### Instructions to follow
Copy out exactly the stretch below, from the line with "个训练样本及 1900 个测试样本。" through the line with "Theetas in grès, met", both included; the pictures stay out.

### Data block
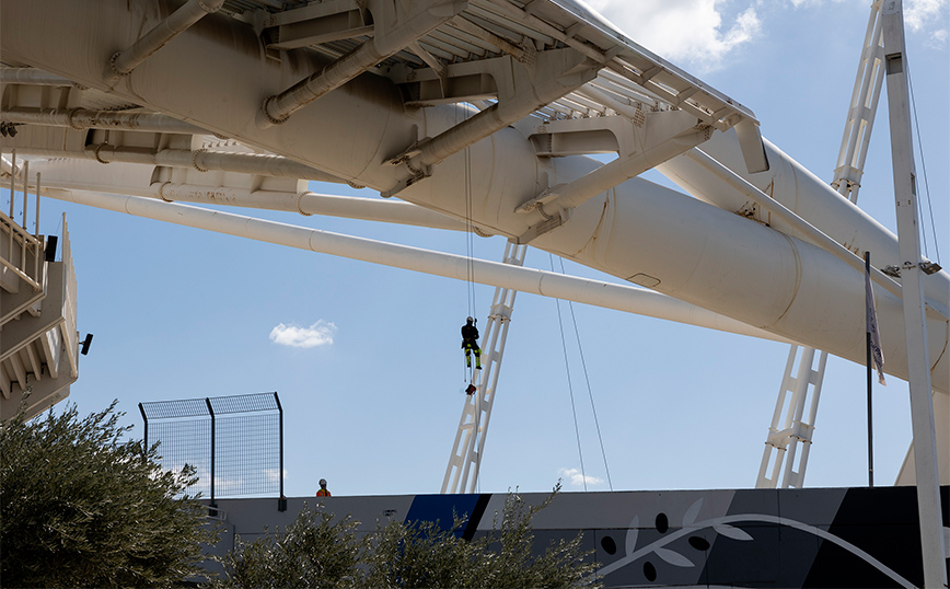 Σε εξέλιξη βρίσκεται ο έλεγχος των μεταλλικών κατασκευών «Καλατράβα» στο συγκρότημα του Ολυμπιακού Αθλητικού Κέντρου Αθηνών (ΟΑΚΑ) έπειτα από σχετικό διαγωνισμό που διενήργησε η Μονάδα Συμβάσεων Στρατηγικής Σημασίας (Project Preparation Facility) του Ταμείου για λογαριασμό του Υφυπουργείου Αθλητισμού και του ΟΑΚΑ, όπως ανακοίνωσε το ΤΑΙΠΕΔ.
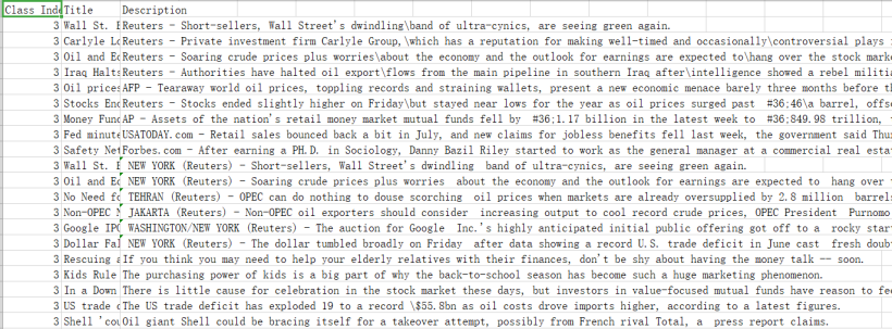 AG_NEWS:新闻语料库,包含4个大类新闻:World、Sports、Business、Sci/Tec。AG_NEWS共包含120000条训练样本集(train.csv), 7600测试样本数据集(test.csv)。每个类别分别拥有 30000 个训练样本及 1900 个测试样本。
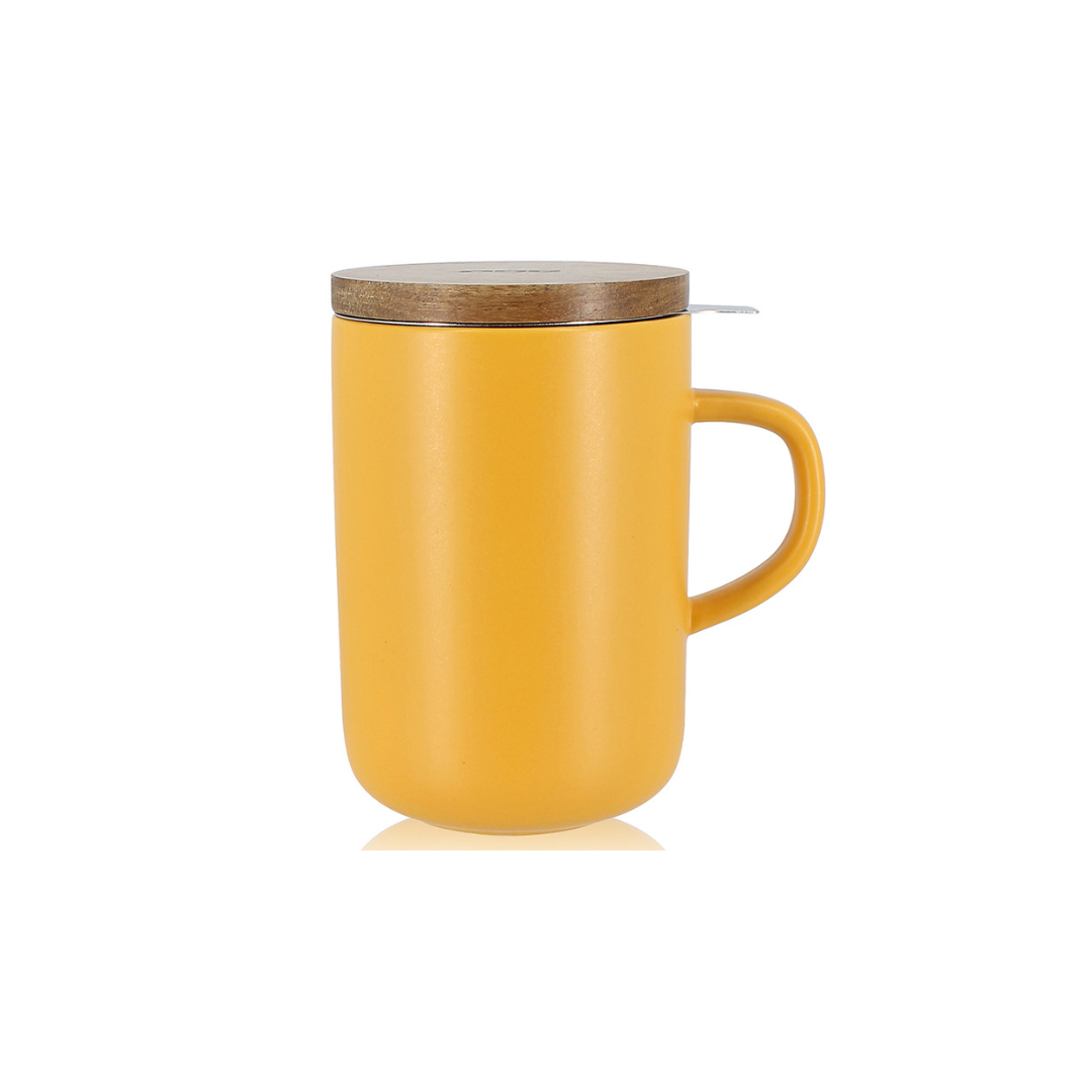 Theetas in grès, met genereuze inhoud en ruime zeef. Noors design die uitnodigt tot relaxen. Natuurlijke uitstraling door het deksel in acacia.
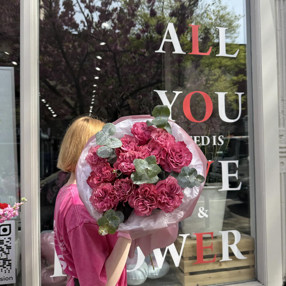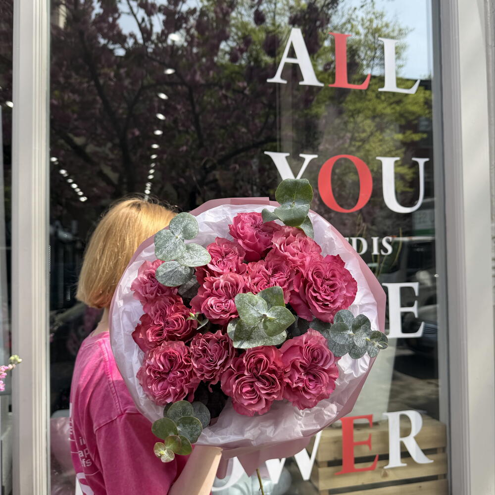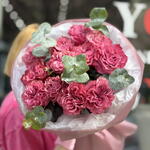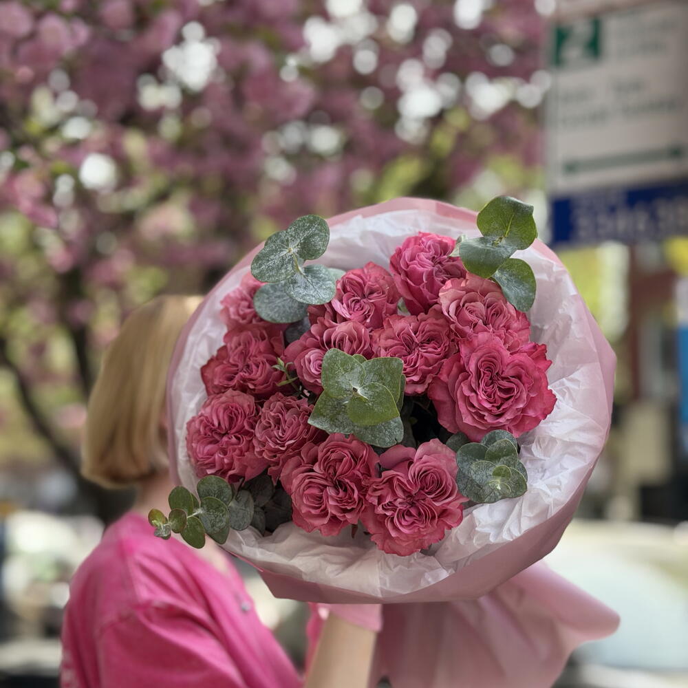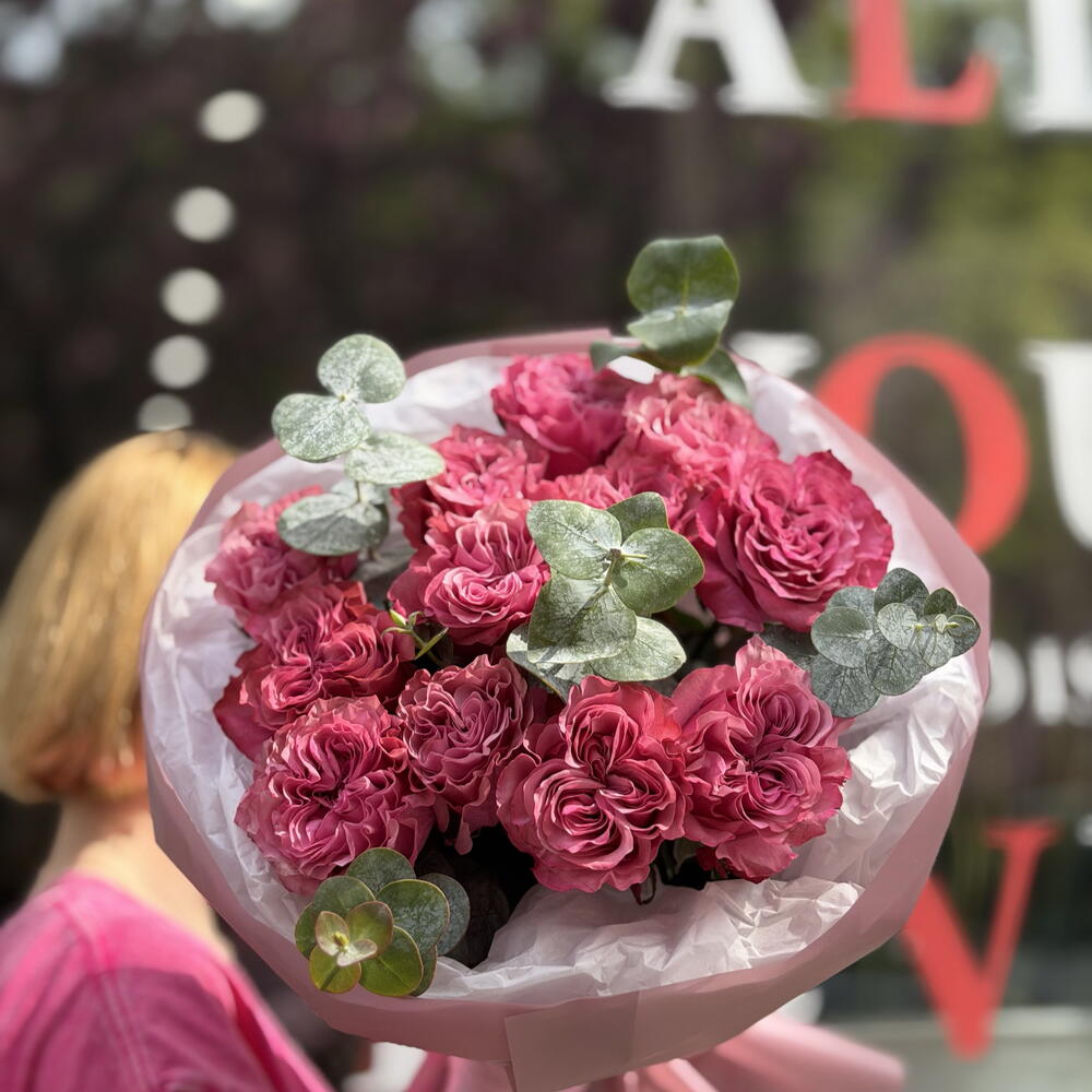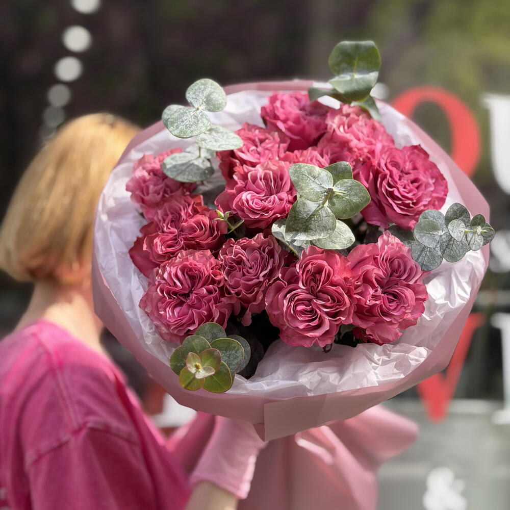 Нежный и романтичный букет из изящных розовых роз в сочетании со свежим эвкалиптом. Нежные оттенки румянца и тонкий аромат эвкалипта создают элегантную, воздушную композицию, идеально подходящую для искренних подарков и особых моментов.

### Written answer
 AG_NEWS:新闻语料库,包含4个大类新闻:World、Sports、Business、Sci/Tec。AG_NEWS共包含120000条训练样本集(train.csv), 7600测试样本数据集(test.csv)。每个类别分别拥有 30000 个训练样本及 1900 个测试样本。
 Theetas in grès, met genereuze inhoud en ruime zeef. Noors design die uitnodigt tot relaxen. Natuurlijke uitstraling door het deksel in acacia.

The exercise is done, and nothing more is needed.